The $30,000 gift from McDonald's Corporation will be used to pay for wages and travel for the UTPA Collegiate G-Force students to visit designated high schools and mentor their assigned high school G-Force members as well as for costs to host high school G-Force training sessions at UTPA. The gift and partnership between the University and McDonald's to continue to expand "go to college" goals and the Go Center initiative followed the purchase by the University of a former McDonald's site on South Closner Boulevard in Edinburg, adjacent to the UTPA Annex. The building will be renovated for use as the UTPA Valley Outreach Center/Go Center, currently operating out of the Annex.
Edwards said UTPA's rich tradition of promoting college studies to families and students in the Valley through initiatives such as the Mother/Daughter and TRIO programs, GEAR UP and partnerships with Region One and Tech Prep, among other programs, will continue through the recent establishment of the Valley Outreach Center and further Go Center start-ups. UTPA has started seven Go Centers in 2005 and are actively involved with 24 others across the Valley either already established or in preparation to be launched.

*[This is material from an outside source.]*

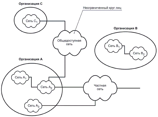 В современном мире информационные системы большинства коммерческих и государственных организаций связаны сетями (см. рисунок 1), при этом сетевые соединения могут относиться к следующим (одному или нескольким) видам:
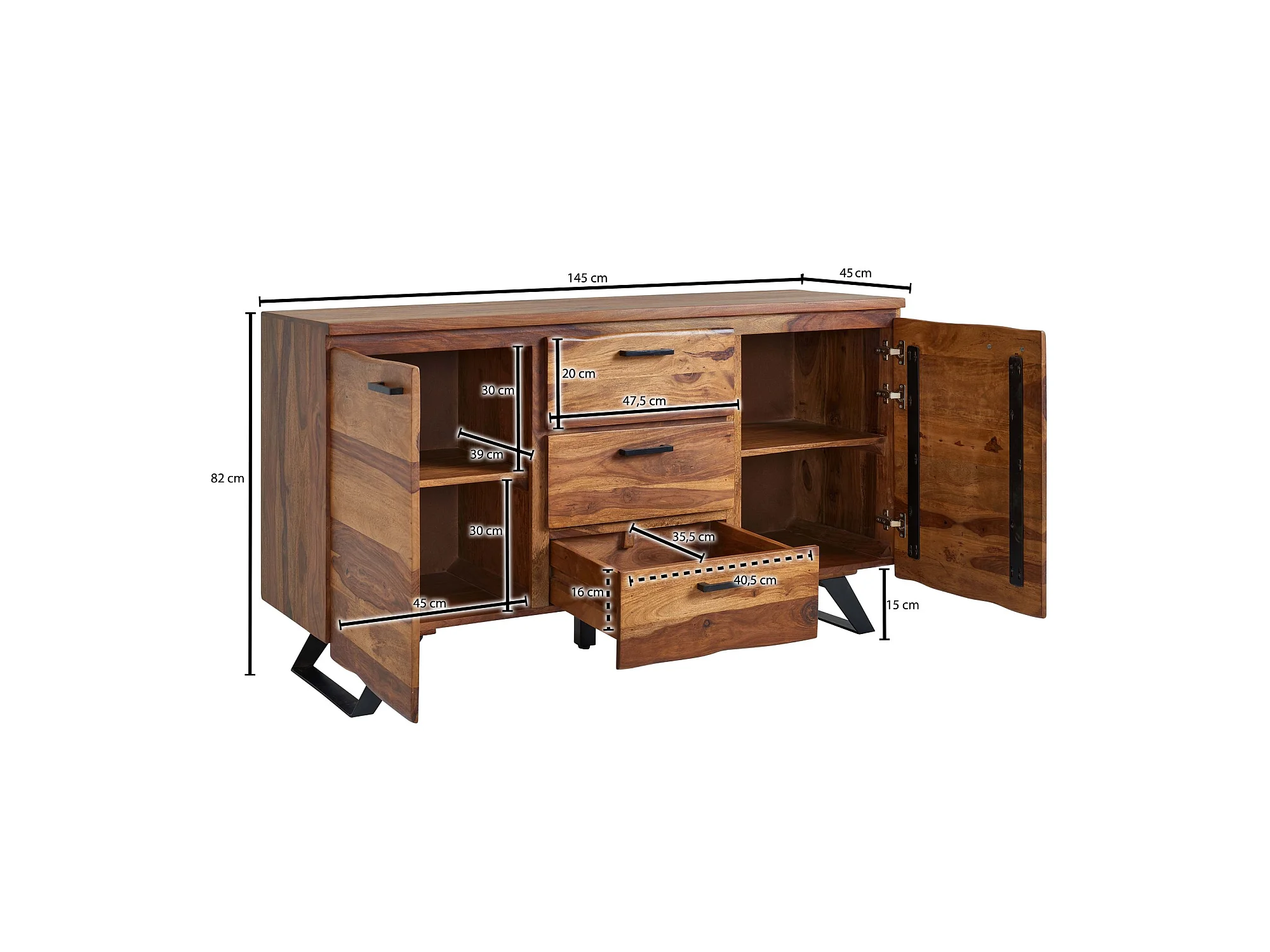 Sideboard Kommode 145x82x45 cm Holz Massiv Anrichte Modern Schubladen

"The Valley Outreach Center at the University was started as a focal point of the College for Texans campaign and part of the College for Texans campaign is to establish Go Centers in the high schools. Now McDonald's has become a big part of the effort of taking that 'Go to College' message to the high schools," he said.
"We want for people to not only go to college but succeed in college because that raises the educational level of our state...and gives businesses much greater opportunity to succeed...and a better life for everyone," he said.
In the future, Brown said he hoped to see mobile Go Centers - taking Go Centers out into the streets, to shopping centers and to schools without Go Centers. He said UTPA has been a model for the development of Go Centers and recently the SBC Foundation has provided funds to equip mobile centers in Houston, San Antonio and Dallas. UTPA recently submitted a Mobile Go Center funding proposal to the Texas Guaranteed Student Loan Corporation Public Benefit Grant program.
McDonald's partnership with the University reflects the often heard quote of Ray Kroc, founder of McDonald's who said, "None of us is as good as all of us," said Del Barrio, who heads up an association that represents 49 stores from Rio Grande City to Brownsville. Del Barrio described the other charitable efforts by McDonald's in the Valley including the Book It reading program, the Ronald McDonald House in Harlingen and the Ronald McDonald House charities, and the Student of the Week scholarship program with KRGV-TV Channel 5, Burt Ogden Motors and Texas State Bank.
"These are just some of the things that we do to give back," he said, noting the importance of a good education for Valley youth and the need for those to succeed to return and serve as role models.
Felipe C. Salinas, director of College Access and Support Programs, who oversees many of the outreach programs at the University supporting the "Closing the Gaps" and "College for Texans" campaigns, said renovation on the McDonald's site should begin soon with an estimated September 2006 completion date. Salinas said UTPA has presented McDonald's a "wish list" of several other partnership project proposals in support of the College for Texans campaign and the Go Center initiative.
"We remain strongly committed to the belief that together, McDonald's, UTPA and the College for Texans campaign can bring valuable college access information and encouragement to many more of the Rio Grande Valley's young people and make a long-term positive difference in the economic and cultural development of our region," he said.